約束
「あそこはだめだ!」
「確かに人間がガリウス島へ行くならわれらの力を借りるしかないが・・・・」
人魚姫はガリウス島のいけないことはないが、行くのを渋っていた。
それをみたノブはひざまずいた
「お願いします。私は人間界では大勇者といわれています。連れていただいたら、どんなお礼でもさせていただきます。」
「んっ! なんでもか?」
人魚姫がくいついた!
「はい、どんなことでもさせていただきます」
「しかしなぁ、あの島の周りに魔素や瘴気が強くて、弱い魚人族は魔物になってしまうくらいじゃ。幹部クラスでも体に変調をきたしたり病気になったりするだろう。だから、われら一族の者はあの島に近づくものはおらんのじゃ! まあいけるとしたわらわくらいじゃが・・・・」
人魚姫自らはいけるというが、何か問題があるようだった。
「姫様でも、やはりご病気になられるのですか!皆様にそこまでのリスクを冒してまでお頼みするわけにはいきません。大変不躾なお話をして申し訳ございませんでした。私は何とか泳いででも島に行くのでお気になさらないでください」
ノブは、魚人族に頼むのを諦めた。もともと自らの力で行くつもりであった。あったばかりの彼女らに危険を冒してまで頼むのは虫のいい話だからである。
「まあ待て! そう急くな」
「そなた次第では連れて行ってやらんでもない!」
人魚姫は、諦めようとするノブに待ったをかけた。
「この世界のどこかに、永久の宝玉というものが存在するという。その宝玉をわらわに献上するがよい! 何故あんな島に行きたいのかは知らぬが、その決心は本物のようじゃ!」
「わらわは地上の出来事も少なからず知っておる! 大勇者といえば魔王を倒したものじゃろう! それならば宝玉も見つけられるやもしれぬ!」
人魚姫はどうしても永久の宝玉が欲しいようである。
「承知いたしました! 私の命に代えても姫に宝玉をお渡しします」
ノブは、改めて人魚姫に誓いを立てた。
「おお、そうか! あの宝玉を手にしたものは永遠の若さを手に入れられるという。
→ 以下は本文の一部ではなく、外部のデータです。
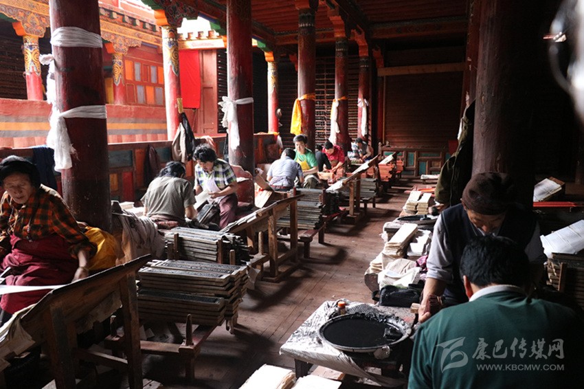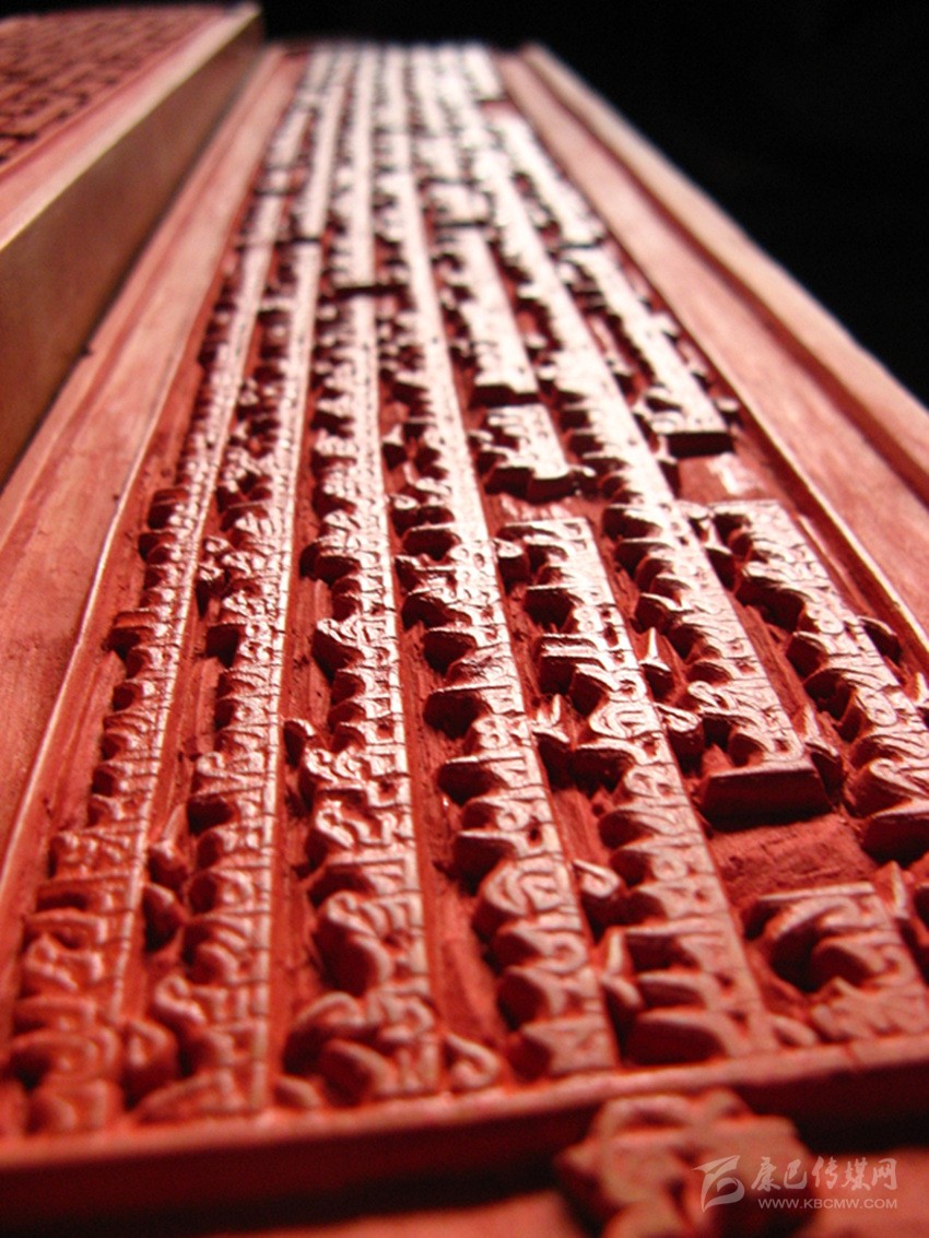 公元1730年2月3日,正式在倫珠頂開始進(jìn)行校對和雕刻工作。為了提高印版的質(zhì)量,土司規(guī)定實(shí)行三級(jí)審校制度,即書法家們負(fù)責(zé)對寫好的版文進(jìn)行兩校,以便及時(shí)修改錯(cuò)漏。然后經(jīng)編審師們復(fù)審和終審后,方可交刻工雕刻。刻完后,編審師們在清樣上還要進(jìn)行三校。版面改動(dòng)較多的進(jìn)行重刻,改動(dòng)較少的進(jìn)行補(bǔ)刻。規(guī)定的校次不準(zhǔn)任意減少或改動(dòng)。雕刻工作由噶瑪班珠和次白總負(fù)責(zé)。經(jīng)過60多名書寫員、10名編審師、400余名刻工以及100多名雜工的艱苦勞動(dòng),浩繁的《甘珠爾》刻版工程于在公元1734年完成。印版所用經(jīng)費(fèi),折成茶塊共計(jì)7622包(每包約20公斤)。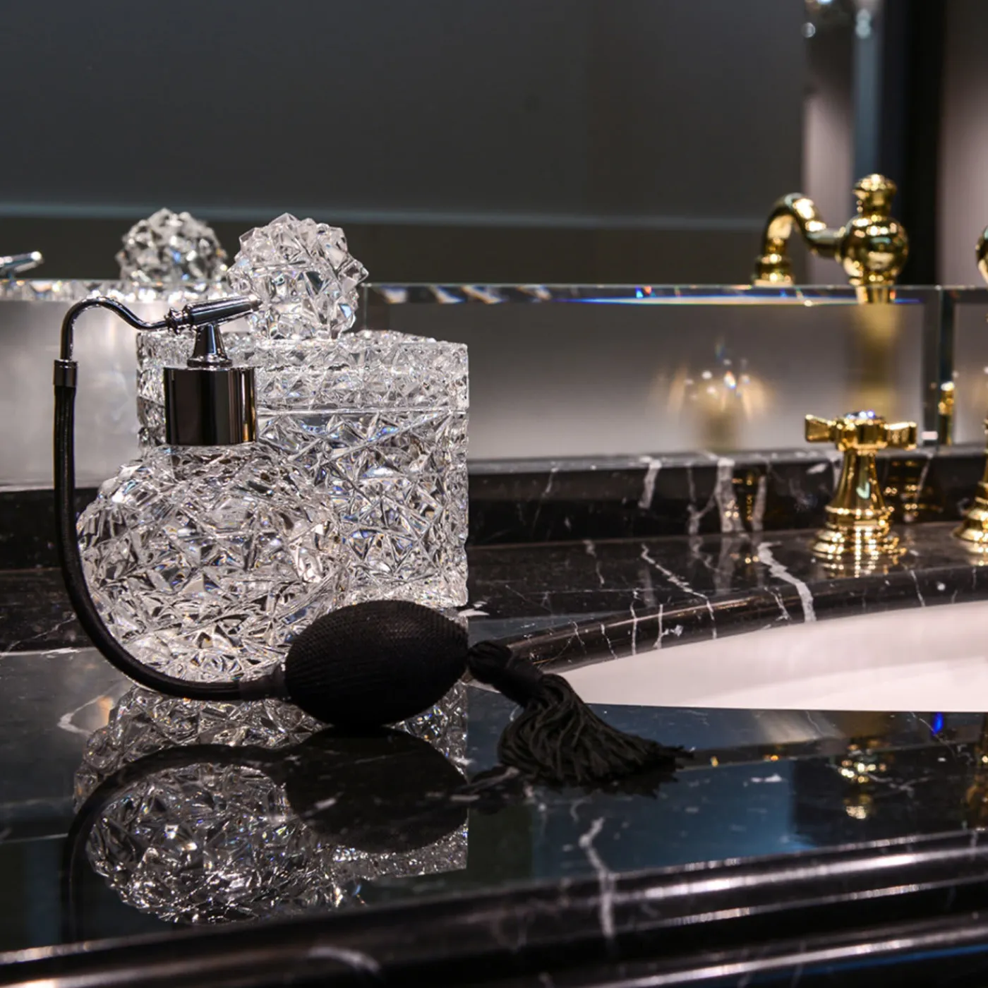 Superbo complemento per un bagno sofisticato, questo set di due scatole quadrate è stato realizzato in vetro trasparente. La superficie esterna di entrambi i pezzi è splendidamente ornata da una suggestiva texture che aggiunge un accento dinamico e raffinato ai pezzi, riflettendo la luce circostante per creare un ambiente lussuoso. La scatola alta è destinata a contenere i batuffoli di cotone (H 16,5 cm), quella corta i cotton fioc (H13 cm). Questo set, che fa parte della Spa Sinfonia, può essere combinato con gli altri della stessa serie per ottenere un look coeso.
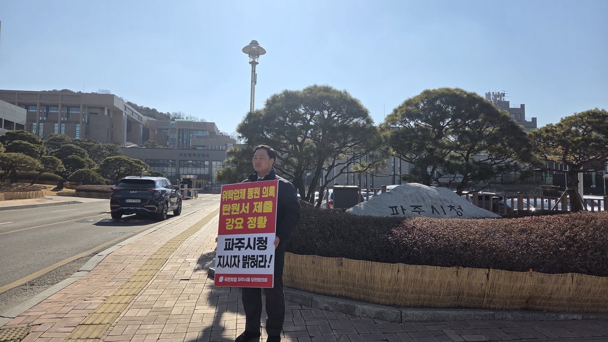 파주시 공무원 고발 사건 반부패수사대 이관 고준호 도의원 파주시청 앞 1인 시위 1 경기도의회 제공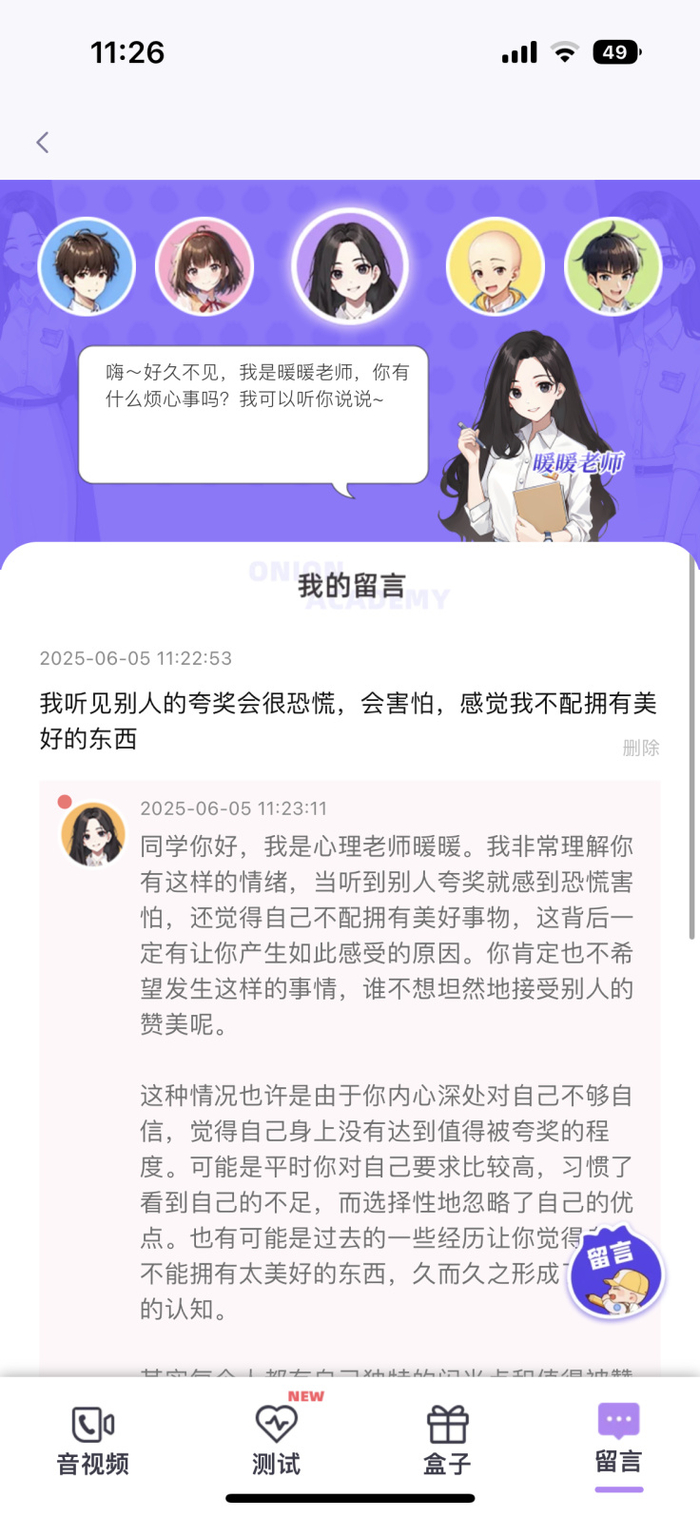 尤为重要的是,“洋葱树洞”所提供的高质量情感支持也正通过AI技术打破地域限制,惠及更多偏远地区的学生。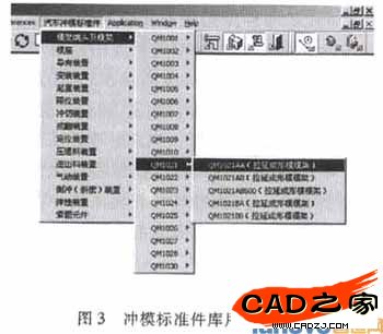 為了與uc交互界面風格保持一致,沖模標準件庫采用了分級式下拉菜單,如圖3所示,下拉菜單通過UG/Open MenuScript模塊開發實現。即利用MenuScript提供的UG菜單腳本語言,編寫成擴展名為*.men的文本文件,將其放在用戶目錄下的/startup目錄內,通過設定uC的環境變量,uC在啟動時會自動加載用戶菜單文件,通過成uC用戶菜單。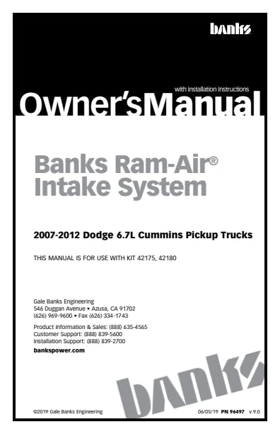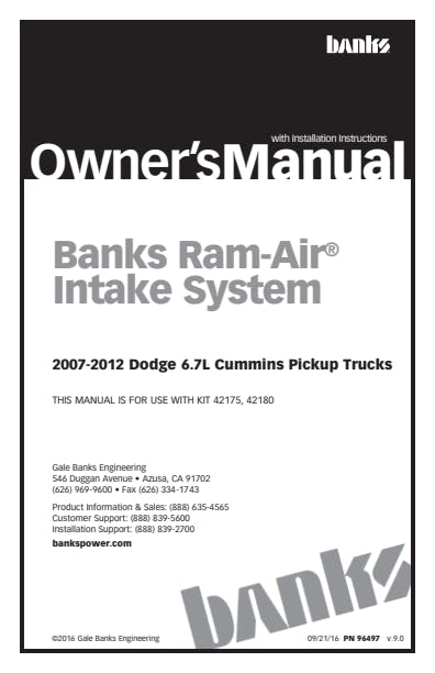 Outflows stock up to 50 Percent. Reduces exhaust gas temps (EGTs). Exclusive 4-1/2 inch bellows to accommodate engine movement. Enclosed housing keeps out hot, power-robbing engine air. Easy filter access for monitoring & cleaning. Testing, testing & more testing. Banks Ram-Air Intake Systems are tested and proven. They start out as CAD software prototypes and are put through flow simulations. After a hardware prototype is made, it's tested on a flowbench. Then it's tested on the vehicle. And finally, Banks' density-tests the Ram-Air against stock and many competitors. Proven design. Proven performance. Banks Ram-Air Intake maximizes the flow of cool, dense air to the engine for greater power and fuel economy. Thanks to its enclosed cold-air housing, huge inlet with giant dome-shaped filter, and streamlined internal design, it flows 50% better than stock! Infact, it performs so well that it delivers greater air density to the turbo's inlet than all competitors tested. Add on the optional Super-Scoop (42190 for standard bumper or 42191 for painted bumper), and the results are even better! Longer service life, too. An aftermarket exclusive: with 4-1/2" bellows, Banks Ram-Air accommodates engine movement, which protects the components and extends service life. What's more, Ram-Air is designed to not cause fault or error codes. It's all about density. And Banks Ram-Air Intake delivers. The harder you work your truck, the more Banks Ram-Air Intake improves power and fuel economy! Key Features: Enclosed housing keeps out hot, power-robbing engine air. Reduces exhaust gas temps and sooty, black smoke. Inhales cooler outside air for more power & MPG. Extends service life and requires fewer cleanings. Giant filter maximizes high-flow filtration. Extensively tested & validated. Outflows stock up to 50%. 5-year Limited Warranty. OILED Air Filter Element. Exclusive 5 inch bellows

楽しみじゃ!」
人魚姫は舞い上がっていた。
「わらわでも、あの島の周りの海にはあまり近づかないんじゃ。 どうも島の近くに行くと肌の張りが悪い気がしてのう・・・・」
「それだけですか・・・・」
ノブは口を滑らせてしまった。
「な、何を言う! 乙女にとってお肌の張りは大切なのじゃ!」
人魚姫は本気で怒っていた。
「大変申し訳ありません・・・・それで・・・・島にはいつ?」
ノブは恐る恐る尋ねた!
「そちには、一日も早く宝玉の探索を開始してもらわなければいけないからの、今からじゃ! わらわについてまいれ」
ノブは人魚姫についていくと、海の底であるはずなのに、入り江があった!
ノブがその入り江を不思議そうにのぞき込んでいると・・・・
ドンッ
人魚姫はノブの背中を押して入り江の中にノブを突き落とした。
人魚姫自らもすかさず入り江に飛び込んだ。ノブは入り江につながる深い海に流されて意識がなくなりそうであった。
その時ノブは大きな泡に包まれた。
「息ができる!」
ノブは地上にいるように息もできるし話もできるようになった。
「そなたは、そこでじっとしておれ」
人魚姫はそういうと、ノブの入った泡と一緒に深い海を高速で移動した。
1時間ほどたったころ、人魚姫はゆっくりと泳ぎを止めた。
「ついたぞ!ここから50メートルほど浮上すれば島が目の前に見える! 約束は必ず守るのじゃぞ」
「はい必ず!」
ノブが答えると、次の瞬間泡がとてつもない高速で浮上した。ノブは気を失ってしまった。